A rhetorical question, for most people. Not for me.
“Yes,” I said, my voice quiet. “I have.”
She paused, looking at me, then said, “Well, the work I do prevents some of these nightmares. When I do my job well, when we disrupt the flow of funds and matériel to the monsters who strap on vests filled with explosives and rat poison and nails, a baby that would have died lives, or a family that would have grieved forever doesn’t have to, or minds that would have been destroyed by trauma remain intact.”
She paused again, then added, “I should quit? Because my superiors who ought to know better don’t trust me? Yes, then I can explain to the bereft and the amputees and the permanently traumatized that I could have done something to save them, but didn’t, because I wasn’t treated sufficiently respectfully at the office.”

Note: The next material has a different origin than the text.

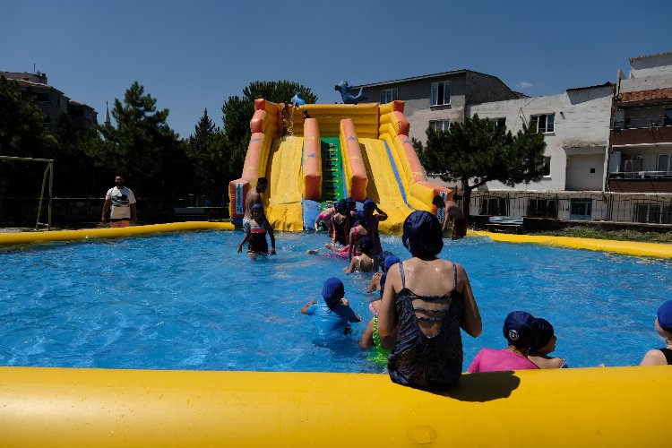 Bursa Büyükşehir Belediyesi, ‘Neşeli Havuzlar Mutlu Çocuklar’ projesi kapsamında 3 ilçedeki 4 okul bahçesine kurduğu portatif yüzme havuzları ile okul bahçelerini adeta tatil köyüne dönüştürdü.

She looked at me, her cheeks flushed, her shoulders rising and falling with her breathing.
I looked back, feeling an odd combination of admiration, attraction, and shame. I took a big swallow of the Laphroaig, finishing it. I refreshed her glass, then mine.
“You’re lucky,” I said, after a moment.
She blinked. “What?”
I closed my eyes and rubbed my temples for a moment. “To believe in something the way you do…” I opened my eyes. “Christ, I can’t imagine it.”
There was a long pause. Then she said, “It doesn’t feel lucky.”
“No, I’m sure it doesn’t. I used the wrong word. I should have said ‘fortunate.’ It’s not the same thing.”
I rubbed my temples again. “I’m sorry I said what I said. That you shouldn’t bother. Over the years, I’ve developed the habit of… preempting betrayal. Of thinking that the possibility of betrayal, and defending against it, is paramount. And maybe that’s true for me. But it shouldn’t be true for everyone. It shouldn’t be true for someone like you.”
For a few moments, neither of us spoke. Then she asked, “What are you thinking?”
I waited a second, then said, “That I like the way you use your hands when you talk.” Telling her part of it.
She glanced down at her hands for a second, as though checking to see whether they were doing something right then, and laughed quietly. “I don’t usually do that. You pissed me off.”
“You weren’t only doing it when you were pissed.”
“Oh. Well, I do it when I forget myself.”
“When does that happen?”
“Rarely.”
“You should do it more often.”
“It’s dangerous.”
“Why?”
“You know why. You have to protect yourself.”
Her expression was so neutral that I knew she had to be consciously controlling it. She took a sip of the Laphroaig and asked, “And you? What do you do?”
“I don’t get close.”
“I told you, I don’t have that luxury.”
I looked at her and said, “I’ve never thought of it as a luxury.”